Upon establishing a direct interaction between the SLI/II/III of WNV and OAS1 in vitro, we were further interested to investigate whether this interaction leads to activation of OAS1 catalytic activity. A colorimetric assay was performed which correlates the detection of pyrophosphate (PPi) with the production of 2′-5′(A) chains. We prepared buffered reactions containing OAS1, ATP, and Mg2+ in the presence of SLI/II/III, polyinosinic-polycytidylic acid (poly I:C, a positive control synthetic dsRNA activator of OAS1), or a single-stranded RNA (ssRNA) negative control. The experiments were performed over a 120-minute period, followed by progressive measurement of PPi production (Fig. 5A). As expected, ssRNA negative control demonstrated no significant stimulation of OAS1 activity. The SLI/II/III activates OAS1 to a level that is approximately 60% of that achieved by poly I:C at all time points observed (on a per mass basis). However, direct quantitative comparison to the poly I:C control should be treated with caution given the extremely large size and heterogeneity of poly I:C (∼90 to 1400 kDa) relative to the WNV RNAs examined. Taken together, the structured SLI/II/III region of the WNV genome interacts with and activates OAS1 in vitro.

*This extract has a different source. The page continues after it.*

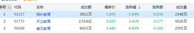不过,和新东方、中教控股、高教集团等走势相反的是,睿见教育越走越低,截至目前已经跌超9%,天立教育跌超3%,枫叶教育跌超1%,为何这些股票暴跌呢?
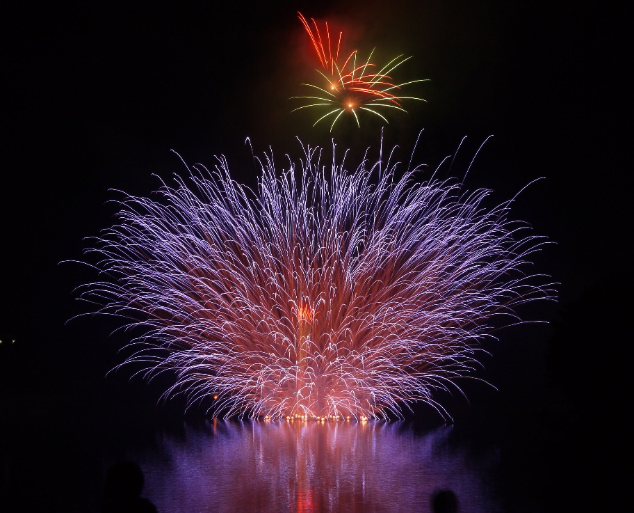 どんな迷惑かというと、花火撮影に三脚が必要な撮影組は後ろ側のスペースを取るのが暗黙の了解になっているのに、一人のおばさんがど真ん中の前側に陣取るものだから、すべてフレームイン。

(A) Purified OAS1 (300 nM) and RNA (300 nM) were incubated in the presence of ATP (2 mM) and MgCl2 (5 mM) at 37°C, quenched at time points from 0–180 minutes, and 2′-5′(A) chain formation quantitated by PPi detection. In all cases, errors represent the standard deviation from at least 3 replicates, and ssRNA represents a single-stranded negative control. (B) Enzymatic activity of OAS1 (400 nM) shown as a function of RNA concentration. Linear regression analysis of the initial velocity was used to determine OAS1 activity and the error in the analysis represented as error bars.

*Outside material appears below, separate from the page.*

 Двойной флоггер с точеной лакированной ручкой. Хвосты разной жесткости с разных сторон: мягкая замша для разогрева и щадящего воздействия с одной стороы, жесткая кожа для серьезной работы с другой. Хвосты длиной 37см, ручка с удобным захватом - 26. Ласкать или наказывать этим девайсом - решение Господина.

SLI is dispensable for maximal OAS1 activation
To compare the ability of the stem loop regions of the SLI/II/III to activate OAS1, time courses monitoring of PPi production were performed and compared with the full-length SLI/II/III, poly I:C (positive control) and ssRNA (negative control). Remarkably, of all the SLI/II/III truncations, only SLII/III is capable of achieving activation level comparable to the full length SLI/II/III (Fig. 5A). Basal levels of PPi production, comparable to the negative control, were observed for SLI/II and each of the individual stem loops (SLI, SLII, and SLIII). Interestingly, the SLI/II construct that demonstrated high affinity complex formation with OAS1 did not stimulate catalytic activity, while SLII/III demonstrated potent activation despite a lack of detectable complex formation.
Due to the observed discrepancy between binding and activation, detailed dose-response experiments in which initial reaction velocities of OAS1-catalyzed PPi production were performed under increasing RNA concentrations for each of the SLI/II/III constructs (Fig. 5B). This approach allowed estimation of both the apparent dissociation constant (Kapp), a measure of affinity, and the maximum reaction velocity (Vmax), a measure of catalysis. Table 2 summarizes the determined kinetic parameters for each RNA molecule, and includes a measure of the quality of the fit to the data (Rfit). The SLI/II/III and SLII/III demonstrate potent stimulation of OAS1 activity (∼200-fold enhancement relative to the ssRNA negative control for both) despite the 4-fold higher affinity for OAS1 shown by SLI/II/III compared to the SLII/III. Despite having a Vmax value approaching that of the negative control, the SLI/II RNA demonstrated a nearly 3-fold increase in affinity relative to the SLI/II/III. None of the individual stem loop structures reveals appreciable stimulation of OAS1 catalytic activity, and only SLI demonstrates detectable affinity (4-fold lower affinity than the SLI/II/III). Together, the kinetic analysis supports a model where SLII/III is the minimal construct capable of OAS1 activation despite having a weak binding affinity for the enzyme.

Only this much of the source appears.